New FAA hangar policy causing confusion

Two weeks after the FAA unveiled its draft policy for allowed uses in hangars at airports that receive federal grant funding, much confusion has emerged regarding the overall effect of the policy and what it means for hangar tenants. That’s particularly true for homebuilders, who have heard conflicting stories about what it means for building an aircraft in an airport hangar, according to officials with the Experimental Aircraft Association (EAA).

“EAA headquarters has heard from many people with concerns about the possible effects of the FAA’s draft hangar policy, and we’re happy to give them the facts and encourage them to comment on the policy prior to the Sept. 5 deadline,” said Sean Elliott, EAA’s vice president of advocacy and safety. “Unfortunately, some of what is being spread is based on faulty information from inaccurate reports and chatter. That is lending to the confusion on the issue.”

For homebuilders, the draft policy offers protections that never existed in an FAA policy. For the first time, aircraft construction is included as a protected aeronautical activity. Previously, homebuilders had no protection from airports that demanded only fully operating aircraft could be housed in hangars.

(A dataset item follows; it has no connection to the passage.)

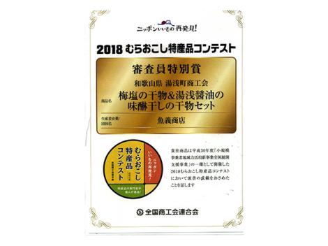 地元湯浅名産の湯浅醤油を使った自家製のタレで味醂干しを製造しています。 2018年度全国商工会連合会主催のむらおこし特産品コンテストで審査員特別賞を受賞させて頂きました。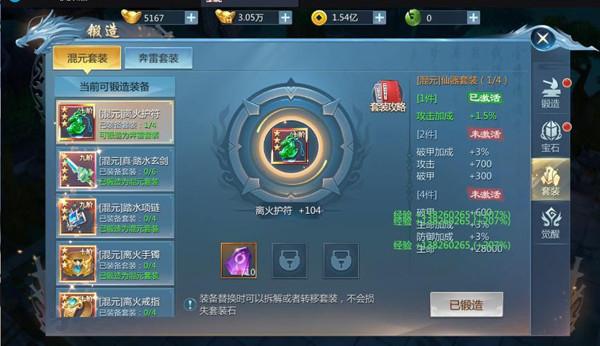 10、套装:等级超过 240 级的少侠可以锻造套装,锻造不同部位的套装需要指定部位的套装石,集齐 2、4、6 件混元或奔雷套装均可获巨额属性加成。

“This is a major step forward because it nationally recognizes homebuilding as an aeronautical activity, which it never was previously, even if it was allowed at an individual airport,” Elliott said. “Most homebuilders probably don’t realize that FAA has never recognized homebuilding as a protected aeronautical activity. Now that will change.

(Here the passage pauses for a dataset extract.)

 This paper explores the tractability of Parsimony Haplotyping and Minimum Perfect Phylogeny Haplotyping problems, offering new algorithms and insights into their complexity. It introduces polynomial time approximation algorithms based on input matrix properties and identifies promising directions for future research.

“However, we do not agree with the draft language regarding final assembly stipulations,” he continued. “EAA will ask the FAA to consider all active aircraft construction as an aeronautical activity. We believe any type of active homebuilding meets the standard of aeronautical activity and EAA will fight for that language.”

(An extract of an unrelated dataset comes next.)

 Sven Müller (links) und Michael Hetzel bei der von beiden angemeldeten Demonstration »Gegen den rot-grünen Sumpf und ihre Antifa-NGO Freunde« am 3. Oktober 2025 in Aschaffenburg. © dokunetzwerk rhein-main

Homebuilder can do two things to help themselves and the homebuilt community, according to EAA officials. First, be informed by reading the policy draft and comment before Sept. 5. Also, fully read and understand your airport’s hangar rental agreement to prevent any future disputes over what is allowed at your airport.

Comments

  1. AJF says

    Question, I’m looking to rent a hanger, I want it for our car, boat, jet skis, and garage stuff, I want to tinker on my cars there but the owner said I need a plane.
    Well I found a plane that is older and used to be a experimental but now has E-LSA and airworthiness cert. no log as it hasn’t flown since gotten cert., can I use this plane, take wings off and keep it in the corner?

  2. Tony Cox says

    The new “Notice of Proposed Rulemaking” contains some very “interesting” language. It is no wonder that people are confused. Our airport association (Boulder City, Nevada) have studied it closely, and have submitted a response which you can find here:- http://citruscontrols.com/bcaa/Final.pdf Here’s what some friends in Hawaii had to say in their blog:-

    “If you enjoy aviation in any form, this will scare the ^*#& out of you. GA as we know it is about to explode. Please read this well thought out comment to the FAA about hangar usage. This policy from the FAA has much wider ranging negative effects than you could ever imagine. I urge all of you to read this PDF from Boulder CIty and then provide your own comments prior to Sept 5th “

  3. says

    What is the difference between building an aircraft in a hanger or performing maintenance on an “off the shelf” airplane? In either case, the hanger contains
    tools and a case of oil. And you can put your car in the hanger when you go
    flyging. Doesn’t the latter change the funcationality of the hanger into a
    garage? When is a hanger not a hanger? When it is a garage. Now that should
    confuse the heck out of the legal types at the FAA. I have just given them fodder
    for creating a whole new set of hanger regulations.

  4. Kent Misegades says

    That’s pretty funny that the EAA’s Sean Elliott is fending off criticism from members by claiming they are confused. Much of the problem was caused by the EAA’s Doug Mcnair trying to convince us that this latest shoot-from-the-hip ruling by the FAA was somehow good for homebuilders. If the EAA leadership ever got out to a typical airport where EAA members built and based their aircraft, they would not be so surprised that a lot of us see this as yet another attempt to drive homebuilders out of aviation. I for one do all I can to avoid government-owned airports as a result, which avoids this and many other problems.

  5. Jeff S says

    The FAA’s hangar policies have been used as the impetus for the local authorities to kill ongoing renewable leases and effectively steal privately funded hangars. The FAA simply says the local authorities should have control of their lands and discourage long term (50+ year) leases. This was twisted into “The FAA requires us to have control of our land and everything on it, so the hangar leases will terminate with the municipality confiscating the privately owned hangars, which we will in turn lease back to the previous owners”. Sorry about your investments. Pure and simple political theft.

    • Brett Hawkins says

      Jeff S, I thought long and hard before purchasing a condo T-hangar at my local municipal airport. I insisted on receiving all documents, studied them carefully, and understood that our condo association was at the mercy of restricted use, renewable, 20-year ground leases with the “improvements will revert to lessor” clause. OTOH, the building is skinny and sits between two large commercial hangars. I believe it is not a prime site for reconstruction as a biz-jet hangar, so we might be left alone for the foreseeable future.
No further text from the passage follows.